Anthropic Releases Claude Opus 4.8, Beats Opus 4.7, GPT-5.5 On Many Benchmarks

New model releases are still coming in thick and fast from the frontier labs.

Anthropic has announced Claude Opus 4.8, the latest addition to its flagship model family, and the numbers are compelling. The new model outperforms its predecessor, Opus 4.7, across most major benchmarks — and beats OpenAI’s GPT-5.5 and Google’s Gemini 3.1 Pro in several key categories. What makes the launch particularly notable for enterprise customers: it arrives at the same price as Opus 4.7.

Claude Opus 4.8 benchmarks

What the benchmarks show

According to Anthropic’s own evaluation data, Opus 4.8 leads the pack on agentic coding (SWE-Bench Pro) with a score of 69.2%, compared to 64.3% for Opus 4.7, 58.6% for GPT-5.5, and 54.2% for Gemini 3.1 Pro.
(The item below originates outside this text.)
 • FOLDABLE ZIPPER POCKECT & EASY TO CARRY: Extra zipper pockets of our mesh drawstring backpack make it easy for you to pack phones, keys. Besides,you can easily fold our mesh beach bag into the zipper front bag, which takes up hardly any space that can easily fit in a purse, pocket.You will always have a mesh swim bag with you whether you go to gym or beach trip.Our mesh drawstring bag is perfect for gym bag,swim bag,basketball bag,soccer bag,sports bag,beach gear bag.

On multidisciplinary reasoning (Humanity’s Last Exam), it scores 49.8% without tools and 57.9% with tools — ahead of all three rivals. Agentic computer use (OSWorld-Verified) sees Opus 4.8 reach 83.4%, nudging past Opus 4.7’s 82.8% and comfortably ahead of GPT-5.5 (78.7%) and Gemini 3.1 Pro (76.2%). On knowledge work (GDPval-AA), it scores 1890, above GPT-5.5’s 1769 and Opus 4.7’s 1753. Agentic financial analysis (Finance Agent v2) rounds things out at 53.9%, leading the field.

The one benchmark where Opus 4.8 does not top the table is agentic terminal coding (Terminal-Bench 2.1), where GPT-5.5 leads at 78.2%. Opus 4.8 scores 74.6% there — still ahead of Gemini 3.1 Pro’s 70.3% and Opus 4.7’s 66.1%.
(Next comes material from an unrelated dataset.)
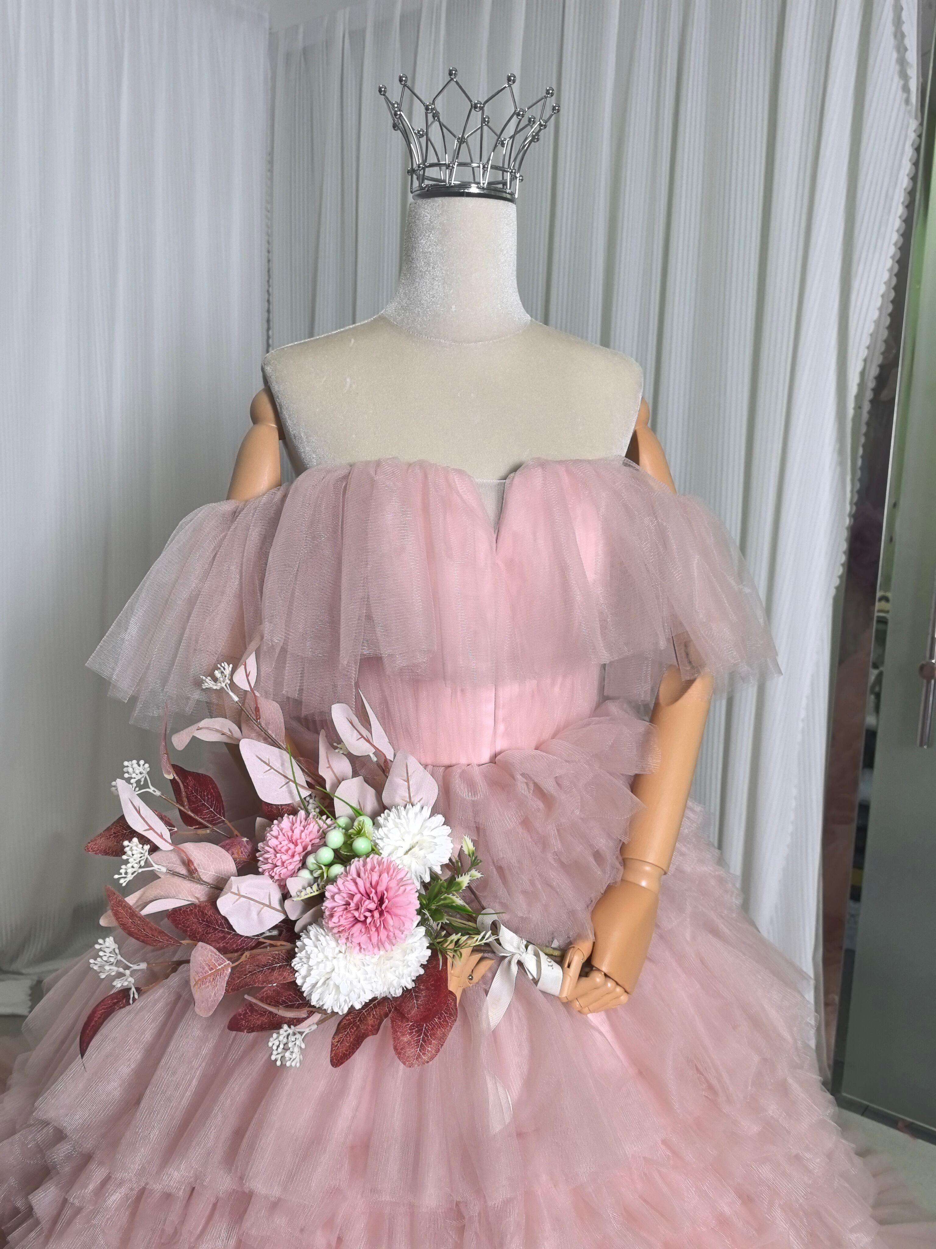 豪華!カラードレス ピンク オフショルダー 柔らかく重ねたチュールスカート ロングトレーン 前撮り

Speed, price, and a new Fast Mode

Alongside the model itself, Anthropic is introducing Fast Mode for Opus 4.8 — the same model running at approximately 2.5x the speed, and priced at one-third the previous cost. Developers can activate it directly in Claude Code using the /fast command. API access is available by contacting an account manager or joining the waitlist.

Built for longer, more autonomous work

Anthropic is positioning Opus 4.8 squarely at the agentic use case — tasks that require a model to work independently over extended sessions without constant human input. In Claude Code, the company says the model “makes calls like an experienced engineer without needing constant check-ins,” staying on track across long-running sessions and following work through in a repository. The pitch to developers and engineering teams is straightforward: hand off a feature build or a bug sweep and focus elsewhere while the model handles the execution.

Dynamic workflows: a research preview

Also shipping today is a research preview of dynamic workflows inside Claude Code. Designed for the most complex tasks — think a migration touching hundreds of files — the system allows Claude to generate a plan, spin up hundreds of parallel subagents to execute it, and verify the results before reporting back. It is Anthropic’s most direct answer yet to the growing demand for AI that can tackle large, multi-step engineering problems end-to-end.

The broader picture

Opus 4.8 continues a pattern from Anthropic: incremental but meaningful gains on core capabilities, paired with a sharper focus on agentic and enterprise workflows. The combination of benchmark improvements, same-tier pricing, and a significantly cheaper fast variant gives teams a straightforward upgrade path. For businesses already running Claude in production, the case for switching to 4.8 requires little deliberation. For those still evaluating the frontier, the benchmark performance against GPT-5.5 and Gemini 3.1 Pro adds a fresh data point to what has become an increasingly competitive field.